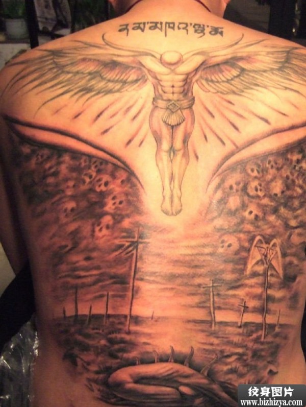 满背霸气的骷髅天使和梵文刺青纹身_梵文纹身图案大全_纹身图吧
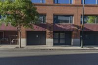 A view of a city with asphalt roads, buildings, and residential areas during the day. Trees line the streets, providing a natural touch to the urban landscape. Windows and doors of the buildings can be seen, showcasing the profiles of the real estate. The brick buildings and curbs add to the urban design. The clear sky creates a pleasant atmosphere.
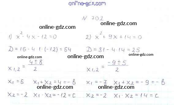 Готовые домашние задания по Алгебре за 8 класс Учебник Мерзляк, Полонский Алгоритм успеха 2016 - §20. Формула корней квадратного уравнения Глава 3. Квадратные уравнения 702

DIRECTIONS FOR THIS TASK: Give back the material above exactly, without pictures.

RESPONSE TO THE TASK:
 满背霸气的骷髅天使和梵文刺青纹身_梵文纹身图案大全_纹身图吧
 A view of a city with asphalt roads, buildings, and residential areas during the day. Trees line the streets, providing a natural touch to the urban landscape. Windows and doors of the buildings can be seen, showcasing the profiles of the real estate. The brick buildings and curbs add to the urban design. The clear sky creates a pleasant atmosphere.
 Готовые домашние задания по Алгебре за 8 класс Учебник Мерзляк, Полонский Алгоритм успеха 2016 - §20. Формула корней квадратного уравнения Глава 3. Квадратные уравнения 702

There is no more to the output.